(TASK DESCRIPTION)
After locating the line with "Get this artwork" in the entries below, output it and each following line up to and including the line with "그리고 대기업 물류까지 경험한 전문가가", exactly and without pictures.

(MATERIAL FOR THIS TASK)
·····

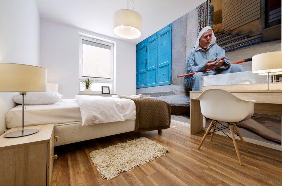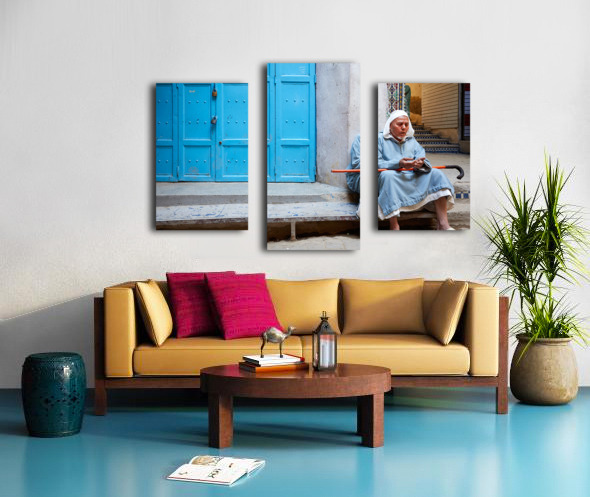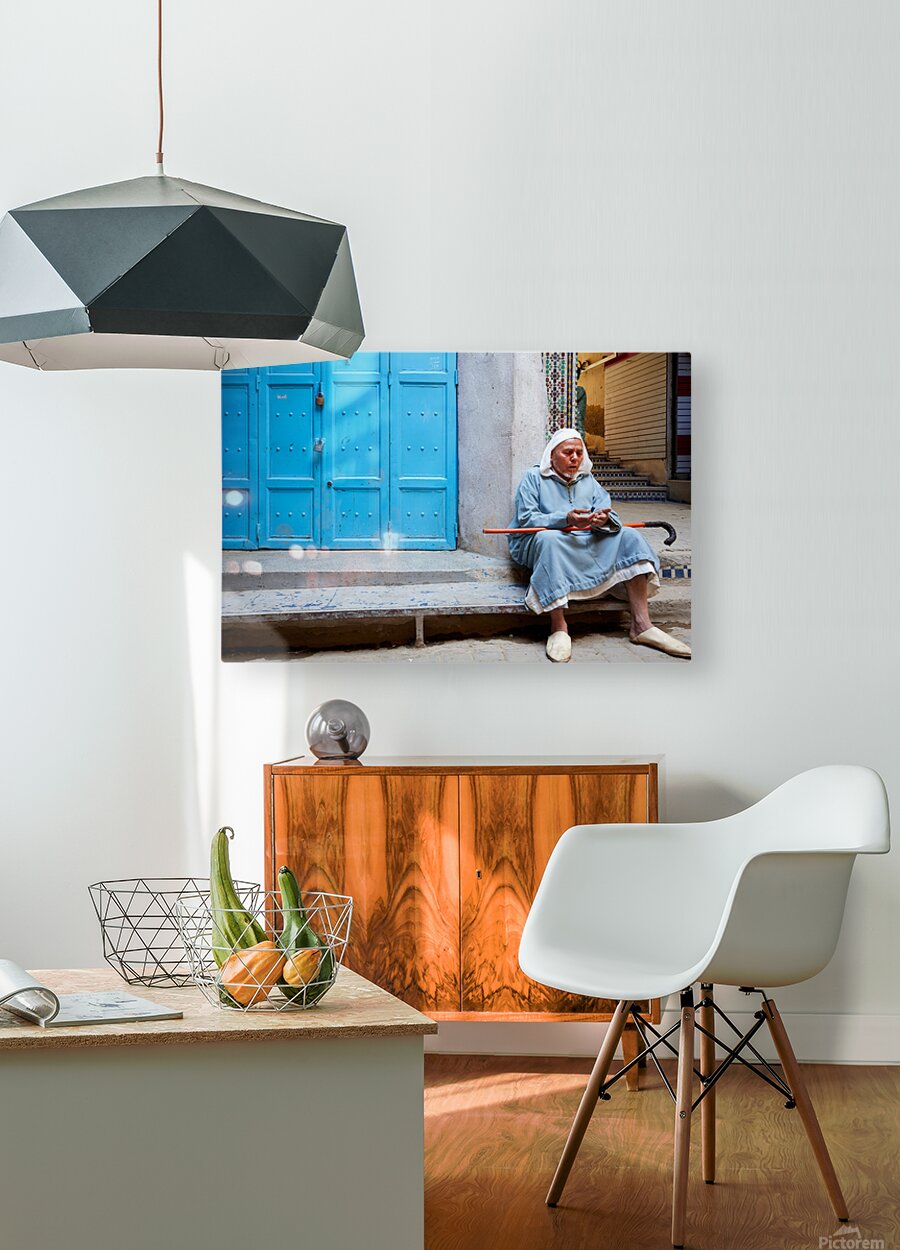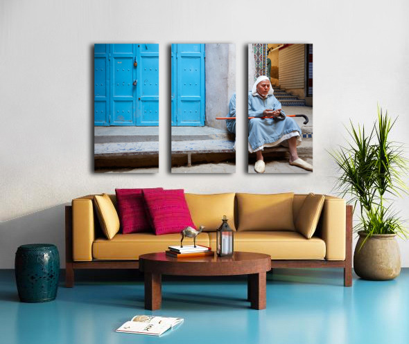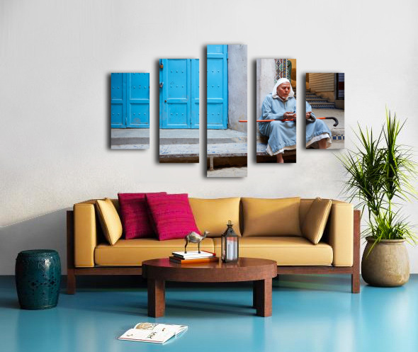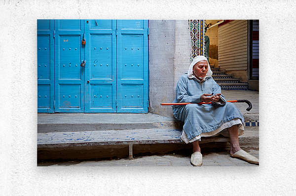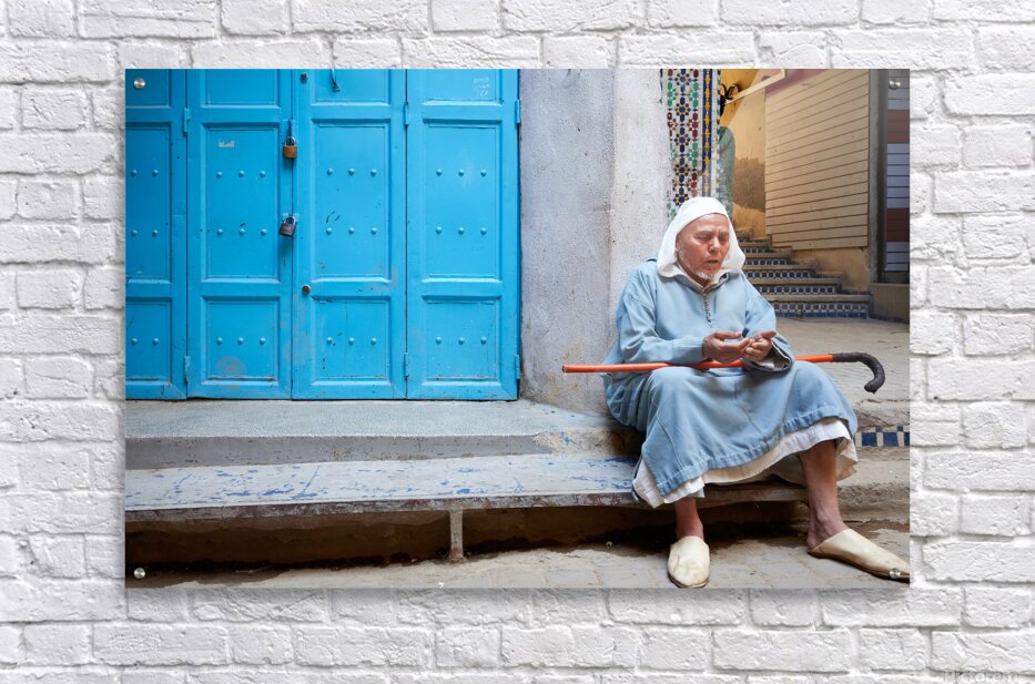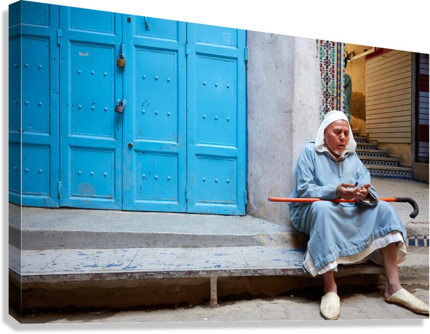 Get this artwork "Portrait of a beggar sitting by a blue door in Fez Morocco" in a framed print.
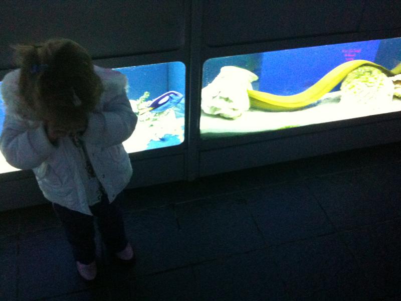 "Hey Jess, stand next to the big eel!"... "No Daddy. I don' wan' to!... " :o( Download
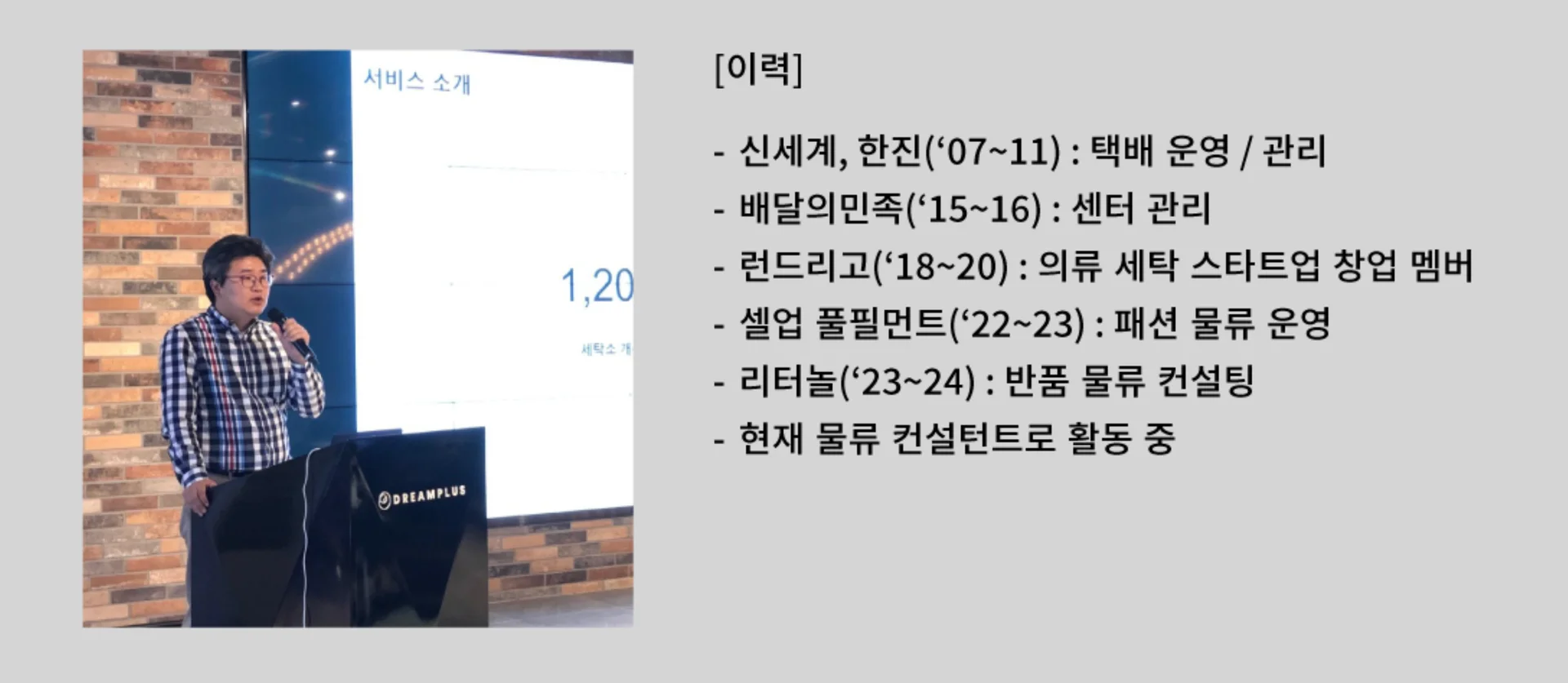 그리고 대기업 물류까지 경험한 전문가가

·····

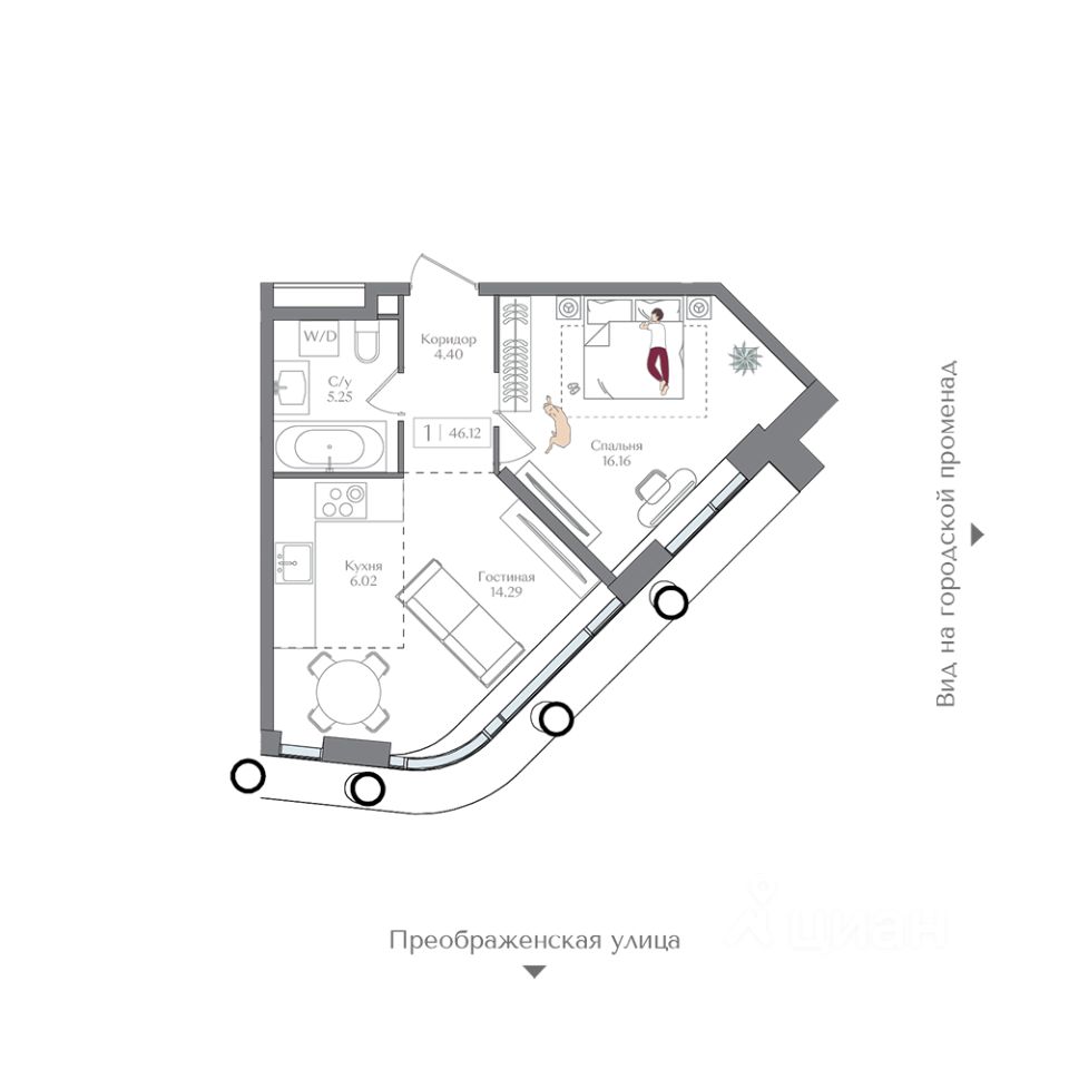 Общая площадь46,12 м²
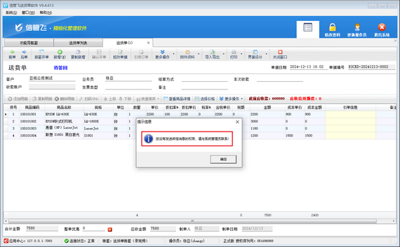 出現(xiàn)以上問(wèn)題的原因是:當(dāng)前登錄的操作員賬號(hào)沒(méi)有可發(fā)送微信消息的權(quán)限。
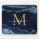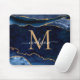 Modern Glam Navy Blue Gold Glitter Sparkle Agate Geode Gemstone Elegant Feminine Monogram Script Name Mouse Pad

·····

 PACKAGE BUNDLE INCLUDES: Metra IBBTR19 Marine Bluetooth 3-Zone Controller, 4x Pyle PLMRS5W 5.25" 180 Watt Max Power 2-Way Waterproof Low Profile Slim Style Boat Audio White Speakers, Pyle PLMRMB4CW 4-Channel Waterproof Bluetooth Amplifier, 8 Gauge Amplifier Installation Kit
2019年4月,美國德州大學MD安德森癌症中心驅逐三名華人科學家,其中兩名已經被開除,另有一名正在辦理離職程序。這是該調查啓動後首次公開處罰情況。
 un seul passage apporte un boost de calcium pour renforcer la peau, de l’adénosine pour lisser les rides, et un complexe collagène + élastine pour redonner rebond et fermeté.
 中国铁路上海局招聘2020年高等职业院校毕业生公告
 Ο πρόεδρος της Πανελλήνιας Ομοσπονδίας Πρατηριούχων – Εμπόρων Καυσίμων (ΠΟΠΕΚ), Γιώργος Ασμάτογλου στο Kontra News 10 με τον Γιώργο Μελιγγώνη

·····

(WRITTEN REPLY)
 Get this artwork "Portrait of a beggar sitting by a blue door in Fez Morocco" in a framed print.
 "Hey Jess, stand next to the big eel!"... "No Daddy. I don' wan' to!... " :o( Download
 그리고 대기업 물류까지 경험한 전문가가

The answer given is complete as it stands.